How to cite this article: Yaya K, Ba Mamadou AW, Mohamed M, Koulibaly CAT, Mukonkole KK, et al. Acutisation of Chronic Renal Failure: About A Case after taking A Plant (Cassia Italica), at the Peace Hospital of Ziguinchor in Southern Senegal (West Africa). JOJ Urology & Nephrology, 2023; 8(1): 555727. DOI: 10.19080/JOJUN.2023.08.555727
Acute renal failure induced by medicinal plants in Africa is uncertain because the majority of cases are unreported. We present a case of an acutisation of chronic renal failure following the consumption of Cassia Italica leaves. Mrs K.G, 68 years old followed in the nephrology department for stable severe chronic renal failure. The basic renal function (creatinine at 85 mg/l and blood urea at 1.22 g/l (GFR: 28.23 ml/min/1.73m2). She consults for uncontrollable vomiting, epigastralgia, obnubilation. The clinical examination had objectified a calm coma without signs of neurological localization, anuria, edema of the lower limbs and grade III arterial hypertension (BP: 180/100mmHg). The biological assessment showed impaired renal function with serum creatinine at 228.5 mg/l and blood urea at 2.65 g/l. The family admits taking the poison 48 hours before hospitalization by excessive consumption of Cassia italica leaves in the form of a decoction. The use of plants by patients followed in nephrology can aggravate pre-existing kidney disease.

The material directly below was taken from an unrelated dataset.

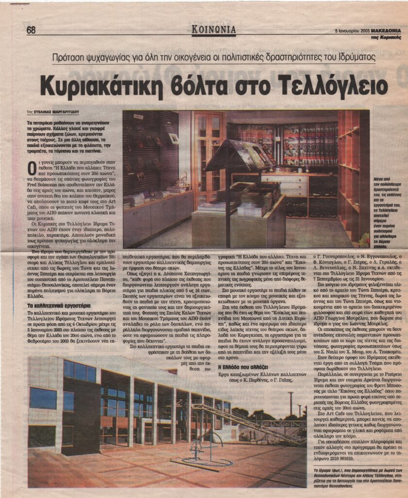 A clipping from the newspaper “Macedonia”, dated January 5, 2003, featuring an article on the Teloglion Foundation in Thessaloniki.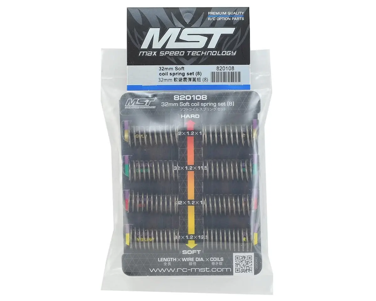 The MST 32mm Soft Coil Spring Set is compatible with the full range of MST drift chassis', and is a must have for those who are serious about tuning. Available in Hard, Medium, Soft, Super Soft and Extreme Soft spring rates, this soft rate 32mm spring kit includes all four rates available in the soft range.

Keywords: Cassia Italica; IRA; IRC; Ziguinchor; Senegal
The use of medicinal plants has known a resurgence in recent years in most countries of the world, even the most developed ones. A survey found that 42% of Americans use alternative therapies with 12% using herbal remedies . The reputation of total harmlessness of these plants, generally based on ancestral use, also largely explains this renewed interest of the general public for so-called “alternative” medicines. Consumers often believe that natural is synonymous with harmless. A plant can be both useful and toxic at the same time. Toxic damage concerns most organs, we can cite in particular cardiac damage by poisoning with aconite or lung damage linked to certain mints, but it is above all kidney damage that is the most frequent . The nephrotoxicity of medicinal plants can be defined very broadly as all the functional or structural renal alterations, induced directly or indirectly by the substances contained in these plants and which are absorbed into the body regardless of the nature pathway .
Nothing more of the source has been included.